SUPPLIED DATA Block Start
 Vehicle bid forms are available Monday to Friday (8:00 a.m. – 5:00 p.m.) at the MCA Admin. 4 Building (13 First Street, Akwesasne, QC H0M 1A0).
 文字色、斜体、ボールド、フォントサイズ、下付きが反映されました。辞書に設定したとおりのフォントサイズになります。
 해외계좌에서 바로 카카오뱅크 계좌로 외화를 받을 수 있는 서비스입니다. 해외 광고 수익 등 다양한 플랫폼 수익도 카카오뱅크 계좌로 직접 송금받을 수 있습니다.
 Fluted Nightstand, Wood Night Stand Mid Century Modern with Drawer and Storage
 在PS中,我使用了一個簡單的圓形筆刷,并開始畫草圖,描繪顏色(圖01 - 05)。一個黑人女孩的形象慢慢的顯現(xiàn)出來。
SUPPLIED DATA Block End
SUPPLIED DATA Block Start
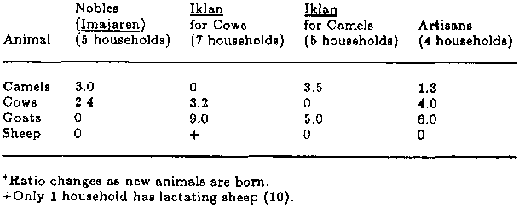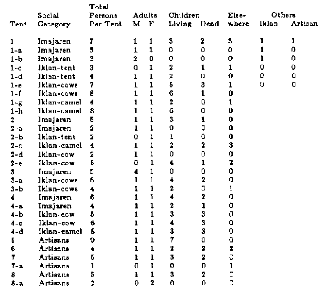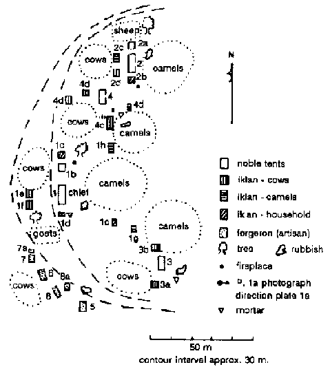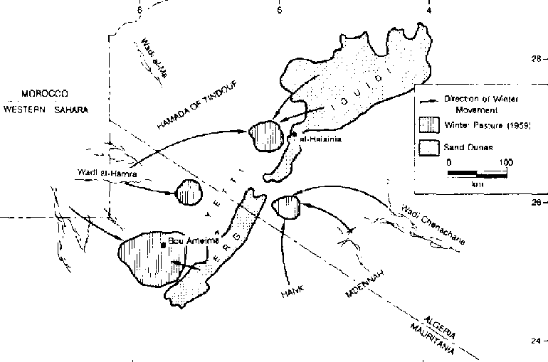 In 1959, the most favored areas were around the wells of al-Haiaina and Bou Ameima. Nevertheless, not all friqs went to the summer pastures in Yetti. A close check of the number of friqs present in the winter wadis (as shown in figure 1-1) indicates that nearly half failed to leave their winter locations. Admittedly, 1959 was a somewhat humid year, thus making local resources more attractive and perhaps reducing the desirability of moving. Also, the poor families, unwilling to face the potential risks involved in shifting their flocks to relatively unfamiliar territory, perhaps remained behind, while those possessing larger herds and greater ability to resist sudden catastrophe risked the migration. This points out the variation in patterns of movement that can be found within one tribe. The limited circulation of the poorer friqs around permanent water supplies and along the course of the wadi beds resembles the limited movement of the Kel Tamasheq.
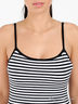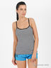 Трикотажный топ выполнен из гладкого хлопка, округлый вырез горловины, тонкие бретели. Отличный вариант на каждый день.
SUPPLIED DATA Block End
● **TASK REQUIREMENTS**:
Of all the entries above, retype exactly the lines from the line with "Vehicle bid forms" to the line with "文字色、斜体、ボールド、フォ", both included, and no others.

● **WRITTEN RESPONSE**:
 Vehicle bid forms are available Monday to Friday (8:00 a.m. – 5:00 p.m.) at the MCA Admin. 4 Building (13 First Street, Akwesasne, QC H0M 1A0).
 文字色、斜体、ボールド、フォントサイズ、下付きが反映されました。辞書に設定したとおりのフォントサイズになります。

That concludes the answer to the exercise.